# Unboxing-Video: Cooler Master Eisberg Prestige 240L - Überzeugt die Kompakt-Wakü?



## PCGH-Redaktion (19. Februar 2013)

*Unboxing-Video: Cooler Master Eisberg Prestige 240L - Überzeugt die Kompakt-Wakü?*

Jetzt ist Ihre Meinung gefragt zu *Unboxing-Video: Cooler Master Eisberg Prestige 240L - Überzeugt die Kompakt-Wakü?*

					Der neue Kompaktwasserkühler für Prozessoren mit der Bezeichnung Eisberg Prestige 240L von Cooler Master ist in der finalen Fassung in der Redaktion eingetroffen. Reinhard und Marco packen den CPU-Kühler aus und erläutern die Details rund um das Produkt.

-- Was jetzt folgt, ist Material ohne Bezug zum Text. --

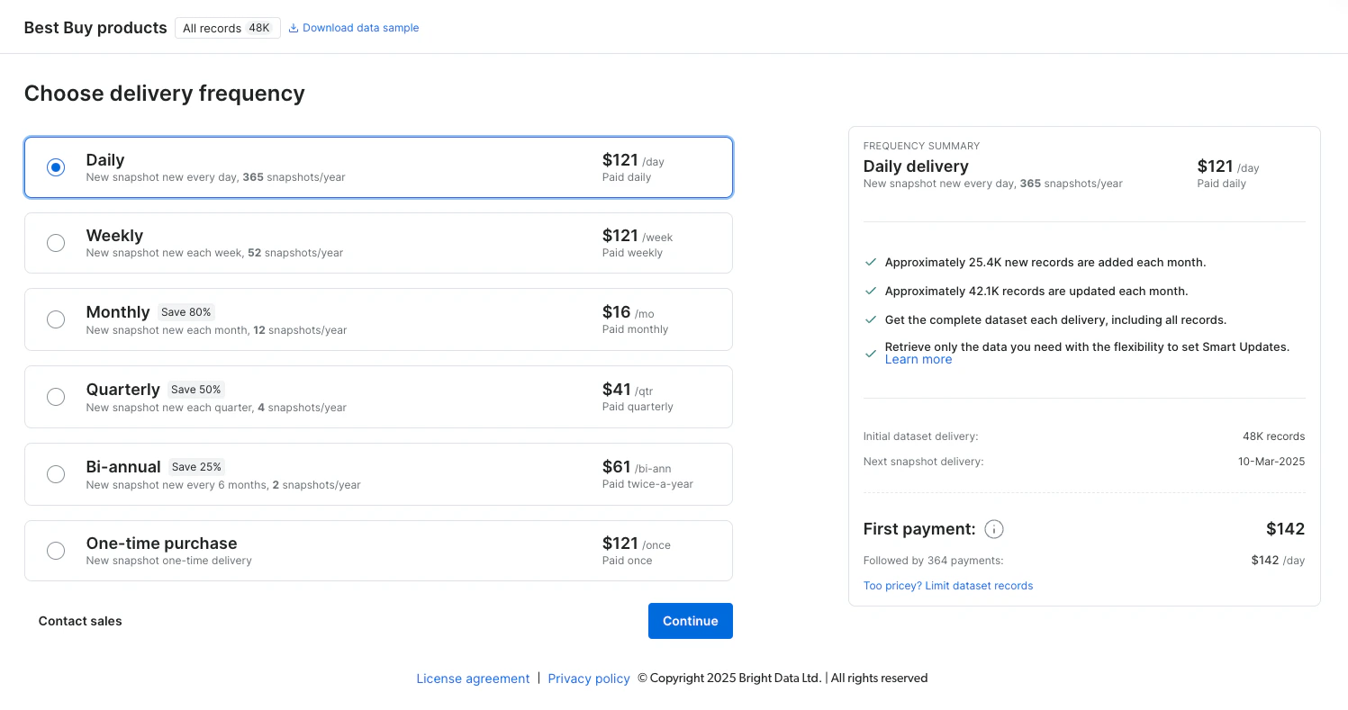You can now get daily or weekly updates for 41 out of 73 eCommerce datasets. This makes it easier to track new products in a category or monitor price changes more frequently. We’re working on adding support for more datasets soon!
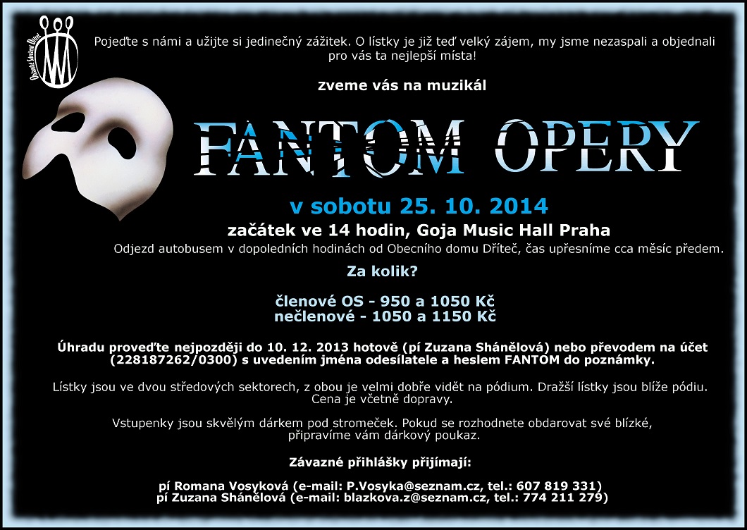 | 25. 10. | Muzikál - Fantom opery | plakát manager: R. Vosyková Z. Shánělová |
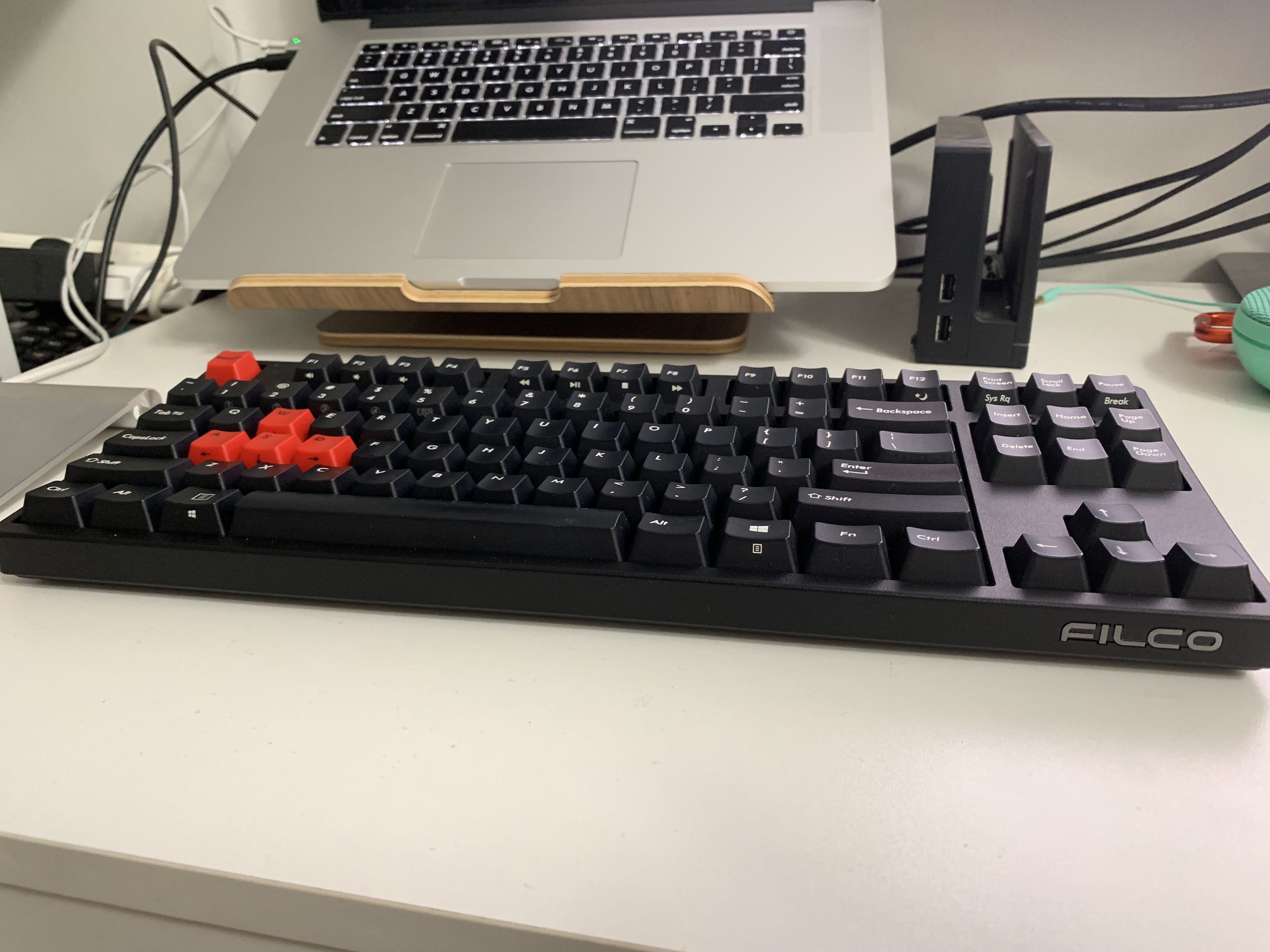 67与87的区别就是键数,开发必备的功能键必须使用复合键来实现,这样本身就造成了效率的地下,相对的体积优势,和重量优势,在开发面前已经不那么重要。经过一阵思考,最终决定出手更换键盘。
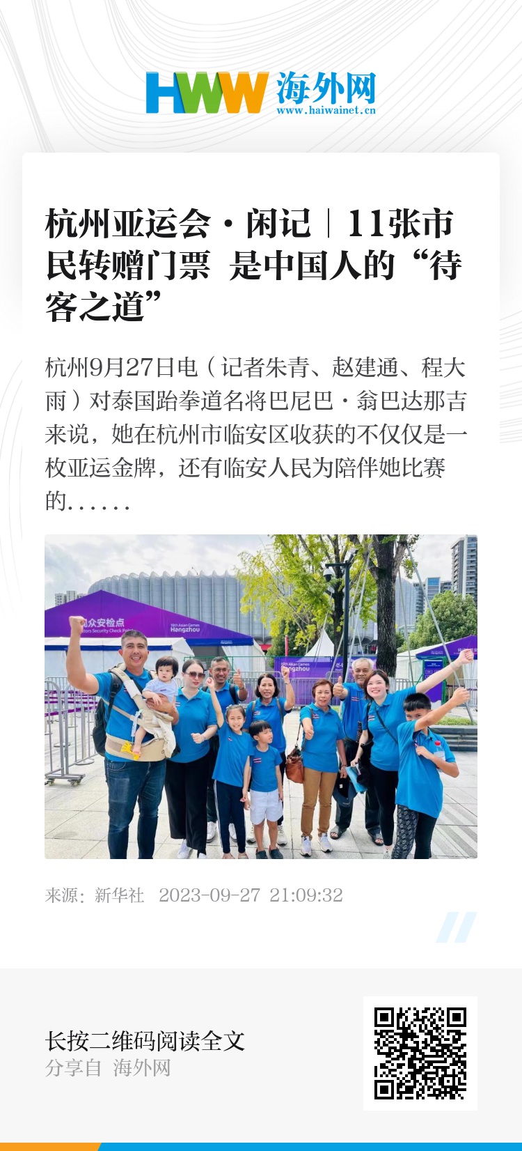 新华社杭州9月27日电(记者朱青、赵建通、程大雨)对泰国跆拳道名将巴尼巴·翁巴达那吉来说,她在杭州市临安区收获的不仅仅是一枚亚运金牌,还有临安人民为陪伴她比赛的“亲友团”送来的11张临时转赠门票。“感受到了无比的热情和温暖。”她说。而可爱的临安人民则表示,这就是我们中国人的待客之道。

					[size=-2]Bitte beachten Sie: Der Kommentarbereich wird gemäß der Forenregeln moderiert. Allgemeine Fragen und Kritik zu Online-Artikeln von PC Games Hardware sind im Feedback-Unterforum zu veröffentlichen und NICHT im Kommentarthread zu einer News. Dort werden sie ohne Nachfragen entfernt. Sollten Sie Fehler in einer News finden, schicken Sie diese bitte an online@pcgameshardware.de mit einem aussagekräftigen Betreff.[/size]





			Dieser Inhalt steht nur eingeloggten Mitgliedern zur Verfügung.
        

 Zurück zum Artikel: *Unboxing-Video: Cooler Master Eisberg Prestige 240L - Überzeugt die Kompakt-Wakü?*


----------



## ColorMe (19. Februar 2013)

*AW: Unboxing-Video: Cooler Master Eisberg Prestige 240L - Überzeugt die Kompakt-Wakü?*

Selten so ein lustloses Videos gesehen...
Bin ja mal gespannt ob sich etwas an der Lautstärke geändert hat.


----------



## lol2k (20. Februar 2013)

*AW: Unboxing-Video: Cooler Master Eisberg Prestige 240L - Überzeugt die Kompakt-Wakü?*

Würde eine Gegenüberstellung von Kompakt-Waküs begrüßen!
Oder gab es dir schon?   (Hab leider zwei Heftausgaben (01/13, 02/13) verpasst...)


----------



## Seabound (20. Februar 2013)

*AW: Unboxing-Video: Cooler Master Eisberg Prestige 240L - Überzeugt die Kompakt-Wakü?*



ColorMe schrieb:


> Selten so ein lustloses Videos gesehen...
> Bin ja mal gespannt ob sich etwas an der Lautstärke geändert hat.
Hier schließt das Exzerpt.